WEBINAR TUESDAY: Can We Make IPv4 Great Again?

To say that Mr. Chen's EZIP proposal has not, thus far, been received with
open arms by the networking community would be an understatement. It is
seen as delaying the inevitable and introducing an impractical extra
routing hardware layer that will be hit & miss. Nevertheless, since much of
the world is still IPv4 dependent, it just could take off. ISOC-NY is happy
to give him the opportunity to expound on its merits.
​ We'd welcome some expert respondents.​

​See: ​
https://tools.ietf.org/html/draft-chen-ati-ipv4-with-adaptive-address-space-00

​==================================================================​

WEBINAR TUESDAY: Can We Make IPv4 Great Again? w/ @AbrahamYChen

On Tuesday March 8 2017 at noon EST the Internet Society New York Chapter
(ISOC-NY) presents a webinar Can We Make IPv4 Great Again?. Abraham Y.
Chen, VP of Engineering, Avinta Communications, will present his EzIP
proposal to reinvigorate the diminishing pool of IPv4 addresses.
​Optional registration
at the link below. This will be recorded.
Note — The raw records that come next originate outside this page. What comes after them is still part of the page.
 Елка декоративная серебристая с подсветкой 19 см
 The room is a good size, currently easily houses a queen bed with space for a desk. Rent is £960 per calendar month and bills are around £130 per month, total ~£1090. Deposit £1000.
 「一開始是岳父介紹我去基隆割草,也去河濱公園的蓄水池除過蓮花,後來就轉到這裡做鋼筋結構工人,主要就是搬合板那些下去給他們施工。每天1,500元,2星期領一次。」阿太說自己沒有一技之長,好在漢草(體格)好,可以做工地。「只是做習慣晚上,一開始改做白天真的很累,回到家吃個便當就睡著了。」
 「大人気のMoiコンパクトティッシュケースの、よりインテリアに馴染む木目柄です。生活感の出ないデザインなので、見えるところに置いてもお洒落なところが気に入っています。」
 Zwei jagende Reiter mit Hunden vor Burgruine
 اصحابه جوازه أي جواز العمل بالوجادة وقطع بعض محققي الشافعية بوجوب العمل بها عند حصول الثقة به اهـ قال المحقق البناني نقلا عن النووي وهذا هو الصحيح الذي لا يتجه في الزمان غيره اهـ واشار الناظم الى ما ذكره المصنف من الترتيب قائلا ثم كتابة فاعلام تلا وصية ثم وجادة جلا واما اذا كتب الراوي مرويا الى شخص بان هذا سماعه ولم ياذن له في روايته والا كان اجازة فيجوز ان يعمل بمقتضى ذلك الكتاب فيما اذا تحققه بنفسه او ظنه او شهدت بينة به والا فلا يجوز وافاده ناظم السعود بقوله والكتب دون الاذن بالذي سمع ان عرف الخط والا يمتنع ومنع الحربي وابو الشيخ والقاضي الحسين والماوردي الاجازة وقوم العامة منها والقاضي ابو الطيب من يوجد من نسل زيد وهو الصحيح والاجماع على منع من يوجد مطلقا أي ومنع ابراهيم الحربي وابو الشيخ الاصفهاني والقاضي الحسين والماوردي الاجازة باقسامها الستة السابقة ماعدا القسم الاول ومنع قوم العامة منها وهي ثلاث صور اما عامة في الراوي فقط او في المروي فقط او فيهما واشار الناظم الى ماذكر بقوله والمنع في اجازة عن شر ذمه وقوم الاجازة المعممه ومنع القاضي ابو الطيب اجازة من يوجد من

What: WEBINAR: Can We Make IPv4 Great Again?
When: Tuesday March 8 2017 Noon EST | 17:00 UTC
Register + info: https://www.meetup.com/isoc-ny/events/238164448/
Computer: https://zoom.us/j/914492141
Phone: http://bit.ly/zoomphone
​ ​
ID: 914 492 141
Twitter: #ezip

​====================================================================​

Permalink

http://isoc-ny.org/p2/9031

Hi Joly,

If something like this was going to happen, we could have expanded the
v4 address space to 64 bits with IPxl:
http://bill.herrin.us/network/ipxl.html

At this point IPv6 has enough momentum that it can be safely expected
to happen. That means all proposals for extending the IPv4 address
space are basically dead in the water, especially complicated ones.

Regards,
Bill Herrin

I believe that. However it behooves us to give any of our members' ideas a
fair hearing. I'm hoping he'll get some good push back in the session.

Joly MacFie
joly@punkcast.com 218 565 9365

For it to "take off", the very same people who have dragged their heels
deploying IPv6 will need to suddenly jump up and upgrade all their gear
and personnel to support a *third* protocol.

Oh, and you're going to need support buy-in from *at least* Microsoft, Apple,
Linux, Cisco, Juniper, and a significant chunk of major makers of CPE gear.
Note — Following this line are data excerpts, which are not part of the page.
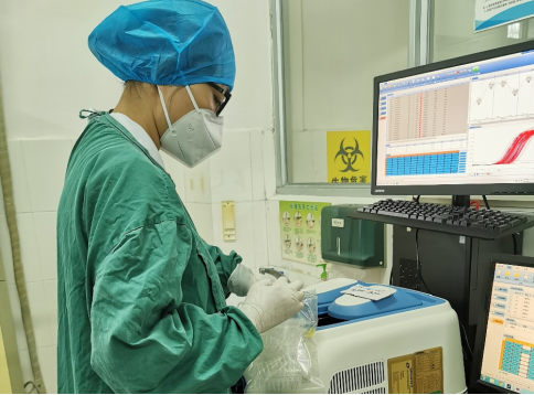 面对突然激增的新冠检测标本量,检验医学科主任李小燕带头冲在一线,在参与核酸检测的同时,不断与同事们优化新冠检测的最佳方案,为广大老百姓提供快速准确的核酸检测报告,为广州从化疫情防控提供了保障。以PCR组组长李榕娇为代表的众多新冠检测小组成员,更是放弃了许多休息和陪伴家人的时间,始终冲锋在一线、战斗在一线,常常通宵达旦奋战。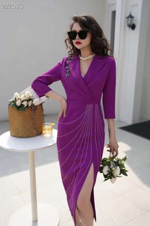 爆款重工订珠烫钻西装连衣裙  2色 紫色 黑色 码数SMLXLXXL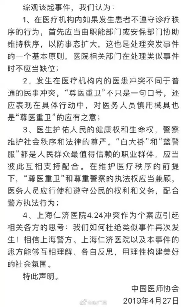 7、中国医师协会回应“上海仁济医院冲突” ①首先应当由职能部门或安保部门协助维持秩序;②“尊医重卫”不只是一句口号,对医务人员慎用械具也是“尊医重卫”的应有之意;③“尊医重卫”和尊重警察的执法权应当兼顾,医务人员应行使和遵守公民的权利和义务,配合警方执法行为;④应思考如何杜绝类似事件再次发生。(央广网)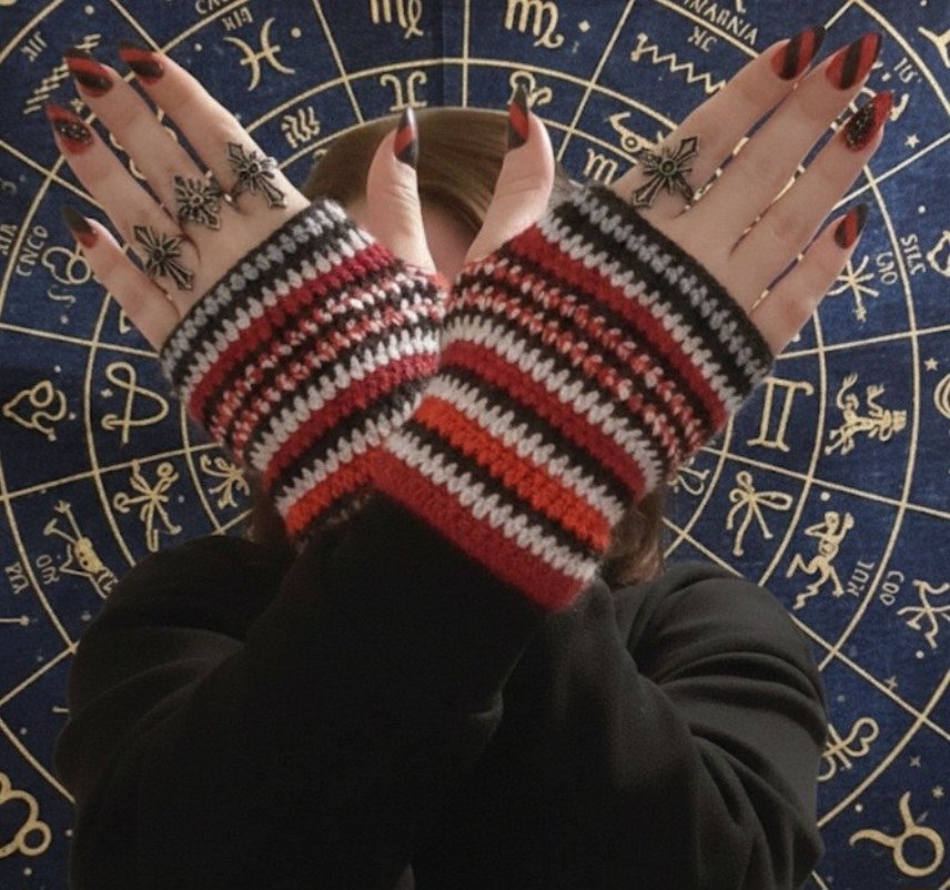 GÖRSEL BANA AİTTİR KARGOYA HAZIR ÜRÜN DİREK SATIN ALABİLİRSİNİZ Koyu tonlarda çok renkli çizgili örgü kadın eldiven, bohem ve retro tarz için uygun.

What's the business case for all these stakeholders to buy into EZIP? For
both the "We already do IPv6" and "We don't do IP6v" cases?

Valdis is just spouting a bunch of fake requirements. It's all
lies folks. I mean the thing is called "EZIP", the EZ is right in
the name. We're going to drain that IETF swamp of all their so-called
experts and make sure simple proposals like this that regular people
can understand get a fair shot. It's going to change the Internet,
bigly.

And, what about the e-mails? I mean, come on, what are those SMTP
people hiding?

[For the humor impared, it's a joke folks.]

That proposal is far too wordy. Here is the executive summary:

Encode extra address bits in extension headers. Add a network element near the destination that converts such that the destination IP of a packet to IP a.b.c.d with extension header containing e.f is translated to 192.168.e.f. In the reverse direction translate source address 192.168.e.f to a.b.c.d and add option header with e.f.

Executive summary end.

As far as I can tell, the only advantage of this proposal over IPv6 is that the network core does not need to be changed. You could communicate with someone that had an EZIP address regardless that your ISP did nothing to support EZIP.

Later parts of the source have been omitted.